Mortgage processor under fire after putting borrowers’ data at risk

A former employee claims the processor she worked for fired her because it feared she would tell one of its clients, JPMorgan, that employees share passwords that put borrower’s information at risk.

An Ohio appeals court has granted a former employee of Lender Processing Services Inc. (LPS) another chance at challenging her firing. Carrie Rebello claims that LPS dismissed her because it feared she would tell one of its clients, JPMorgan, employees share passwords that allow coworkers to access confidential information about JPMorgan borrowers who faced foreclosures.

According to Cleveland.com, Rebello discovered the password sharing in 2010 and expressed concern shortly after LPS hired her to oversee a department that handled troubled JPMorgan mortgages and in 2012, she forbade her employees to share passwords and threatened to tell JPMorgan. Rebello said LPS fired her after that

However, LPS has a different story. The mortgage processor said Rebello swore within earshot of coworkers during personal phone calls and was tardy to work.

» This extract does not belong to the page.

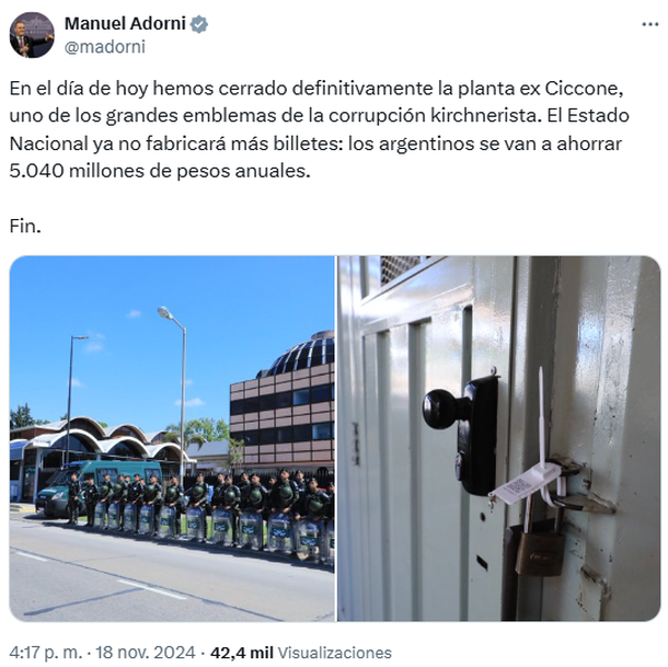 Durante la tarde de este lunes, Manuel Adorni confirmó el cierre de la ex Ciccone Calcográfica: "En el día de hoy hemos cerrado definitivamente la planta ex Ciccone, uno de los grandes emblemas de la corrupción kirchnerista", escribió en X.

LPS and JPMorgan both have polices that prohibit employees from sharing their JPMorgan-assigned passwords. JPMorgan kept private data about troubled borrowers in a system that vendors' employees could access only if they had both a JPMorgan-issued token and an individually assigned password. Employees had to undergo background checks by both companies to receive a password, according to the media outlet.

In 2014, Rebello pleaded her case in Cuyahoga County Common Pleas Court. The judge ruled in favor of LPS, citing that no protections exist for employees who object to Gramm-Leach-Bliley Act violations. The Act requires financial companies and vendors to protect the security and confidentiality of private customer data.